Mannil's wartime colleague Uno Andrusson told the Sandler commission investigating Nazi crimes in 1945 that Mannil quit the force in the early fall of 1942, Eesti Paevaleht said.

Mannil himself claims he served with the security police for four months and was mainly doing paperwork, never actively taking part in operations. He said the security police were mainly targeting collaborators and agents of the Soviet NKVD, the predecessor of the KGB.

"There was a whole group of NKVD servicemen left in Estonia and it was our task to work against them," Mannil told Eesti Paevaleht.

Mannil's possible participation in the persecution and killing of Jews has been investigated by both the Soviet KGB and the national security police of the Republic of Estonia, but neither has found any concrete evidence proving his role in crimes against humanity.

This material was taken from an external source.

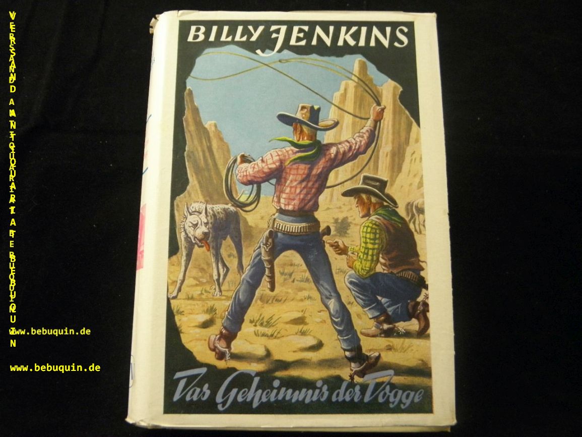 BILLY JENKINS.– HOLLIDAY, Chic: Das Geheimnis der Dogge. Sinzig (Uta), 1953. 256 S. farb. ill. OPb. mit OUmschl. gestempeltes Leihbuch. = Billy Jenkins Wild – West – Erzählungen, Bd. 89. 1. Aufl. dieser Ausgabe.

The Nazi-hunting center on March 21 sent a letter to the Estonian prime minister, calling for a full-scale investigation into the activities of Mannil during World War II.

"You no doubt recall that during our meeting in your office you clearly indicated your unequivocal support for the prosecution of those who committed crimes against humanity in Estonia. In that context I am writing to you to urge your government to carry out a full investigation of the activities of Mr. Harry Mannil, who served as a member of the Estonian political police in Tallinn during World War II and was actively involved in the persecution and murder of innocent civilians," wrote Zuroff in his address to Laar.

"Many years have passed since Harry Mannil committed his crimes, but the passage of time in no way diminishes the horror of those atrocities or the culpability of the perpetrator. We therefore call upon you, as a person who is committed to justice and historical truth, to take whatever steps are necessary to see to it that his case is fully investigated and that justice is finally achieved."